Task details: Beginning with the line that holds "Москва. 4 февраля.", write out each line exactly as it stands until the end of the data, and include no pictures.

::: Exercise input

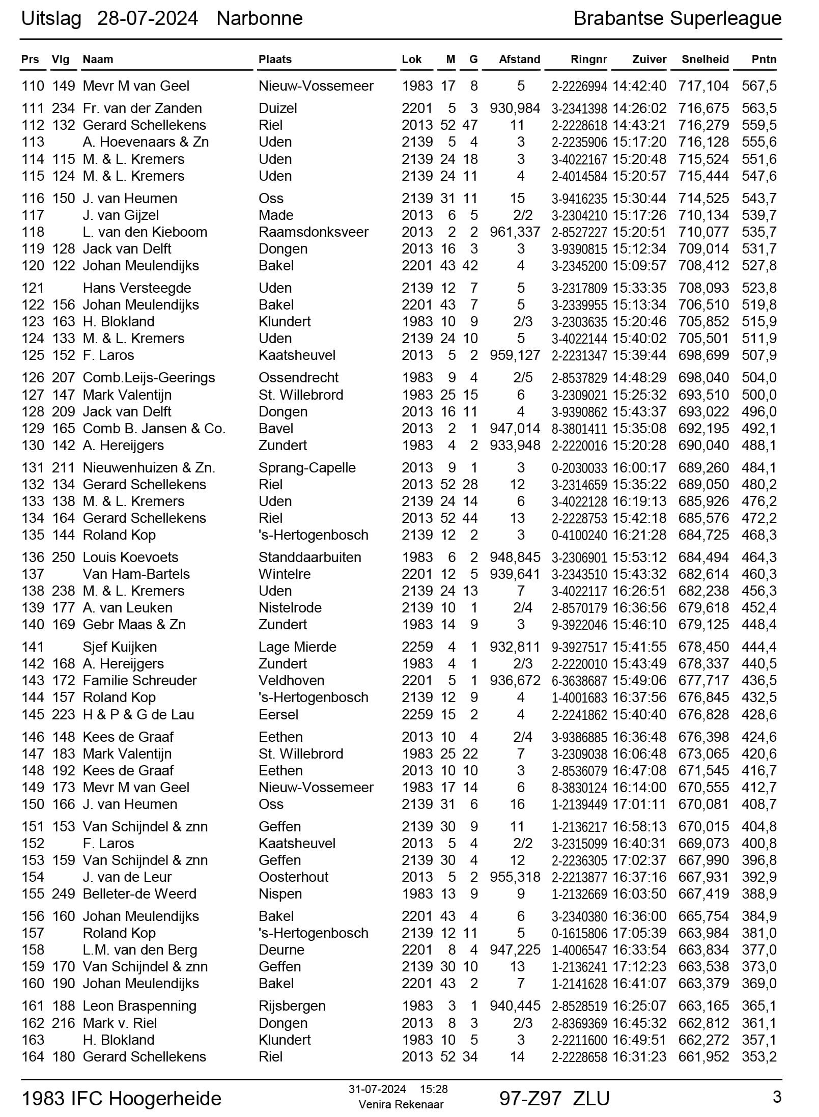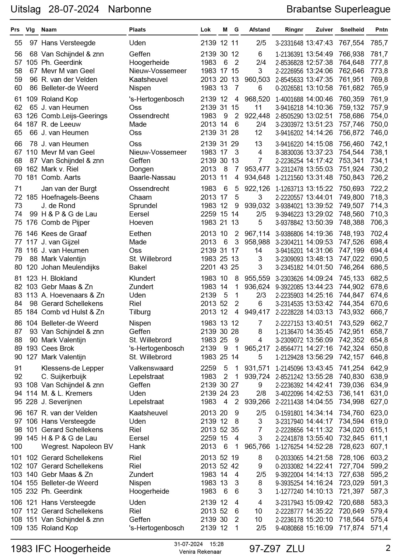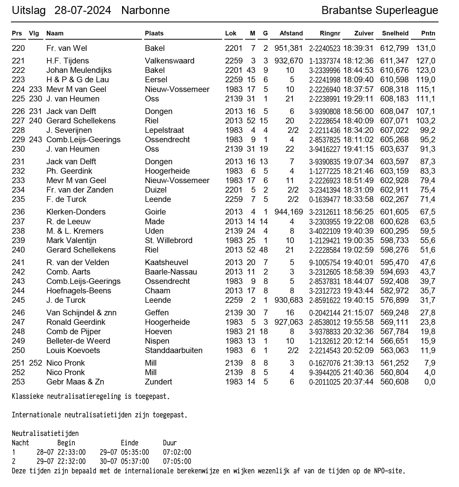 De Brabantse Superleague bracht 755 duiven aan de start, bijeen gebracht door 85 liefhebbers. Het percentage jaarlingen was dit jaar aanzienlijk minder dan voorgaande edities. De verliezen op Agen ZLU en Bordeaux zullen hier absoluut debet aan zijn. De snelste duif in tijd en meters moeten we zoeken in Dongen en wel bij sportvriend Jack van Delft, hij klokte zijn bovenste van de poulebrief om 10.27.16 uur op een afstand van 954 km, goed voor 899 mpm, oftewel 54 km per uur. Da’s geen kattenpis om met een dergelijke snelheid een concours te winnen in de Brabantse Superleague. En als ik u dan vertel dat de heer Van Delft maar 0,8 mpm overhoudt t.o.v. nummer 2, het kampioenenhok van Jeroen van Heumen uit Oss, ziet u dat elke seconde telt. Onze felicitaties gaan uit naar de triomfator van BSL Narbonne 2024, de heer Jack van Delft uit Dongen en voorts een dikke proficiat aan alle prijswinnaars in deze uitslag.
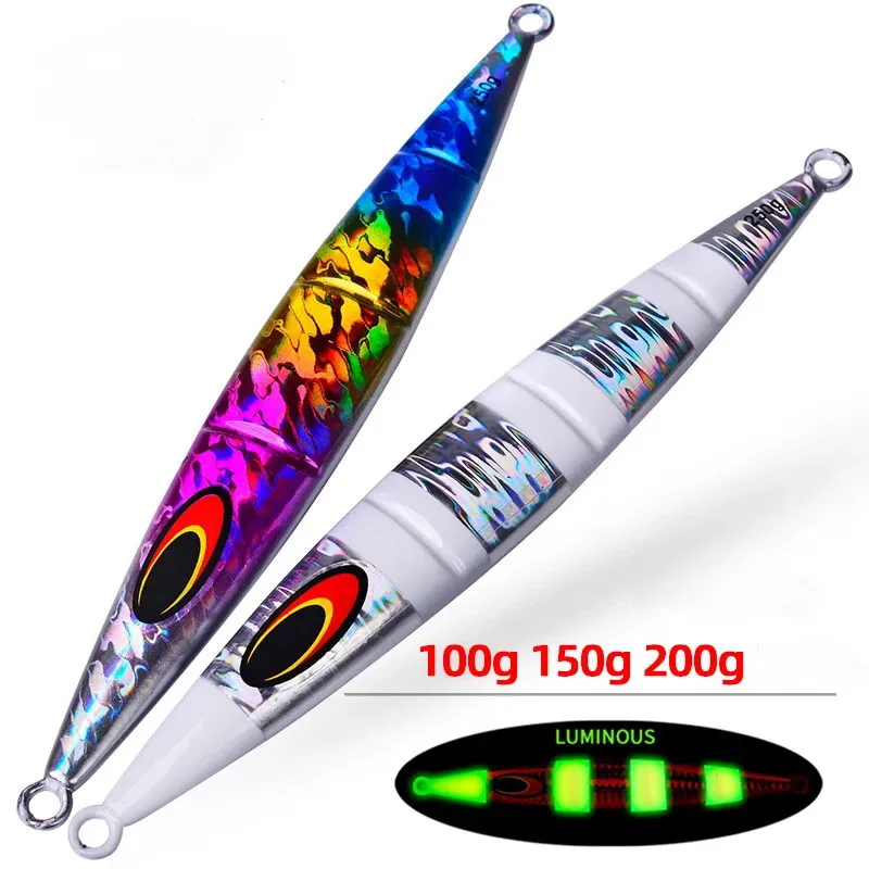 Señuelo de pesca de Metal fundido largo, anzuelo deslizante de sardina para barco de aguas profundas, 100g, 150g, 200g
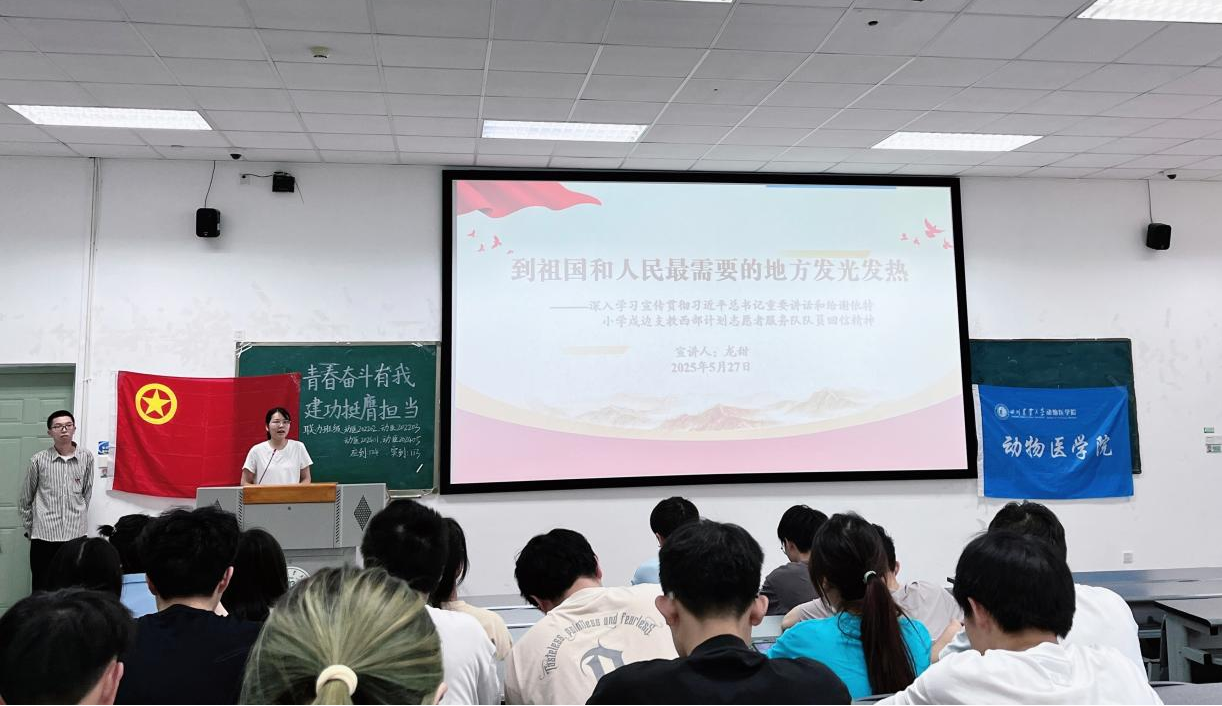 为深入贯彻落实习近平总书记给谢依特小学戍边支教西部计划志愿者服务队队员回信精神,深入领会5月1日第9期《求是》杂志中习近平总书记发表的重要文章内涵,2025年6月5日至6日,ok138cn太阳集团529右木理论宣讲团成员龙甜,走进动物医学院和管理学院本科生团支部,开展了两场以《到祖国和人民最需要的地方发光发热》为主题的宣讲活动。
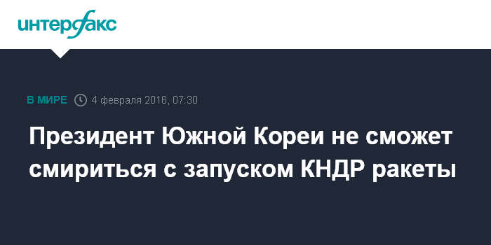 Москва. 4 февраля. INTERFAX.RU - Южная Корея рассматривает планируемый КНДР запуск искусственного спутника Земли как угрозу миру и безопасности не только на Корейском полуострове, но и в глобальном масштабе, с чем нельзя смириться, заявила южнокорейский президент Пак Кын Хе.
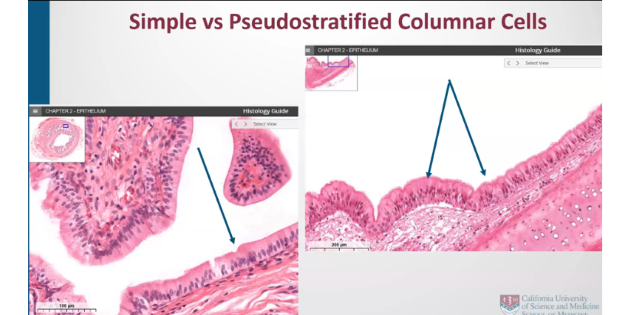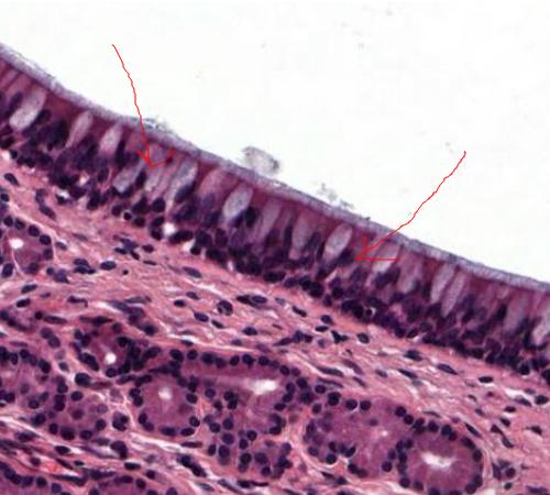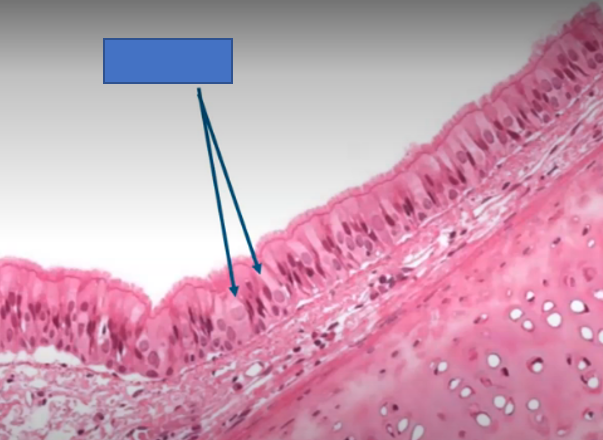 what specific structures are being pointed to within the pseudostratified columnar epithelium

::::::

Exercise response:
 Москва. 4 февраля. INTERFAX.RU - Южная Корея рассматривает планируемый КНДР запуск искусственного спутника Земли как угрозу миру и безопасности не только на Корейском полуострове, но и в глобальном масштабе, с чем нельзя смириться, заявила южнокорейский президент Пак Кын Хе.
 what specific structures are being pointed to within the pseudostratified columnar epithelium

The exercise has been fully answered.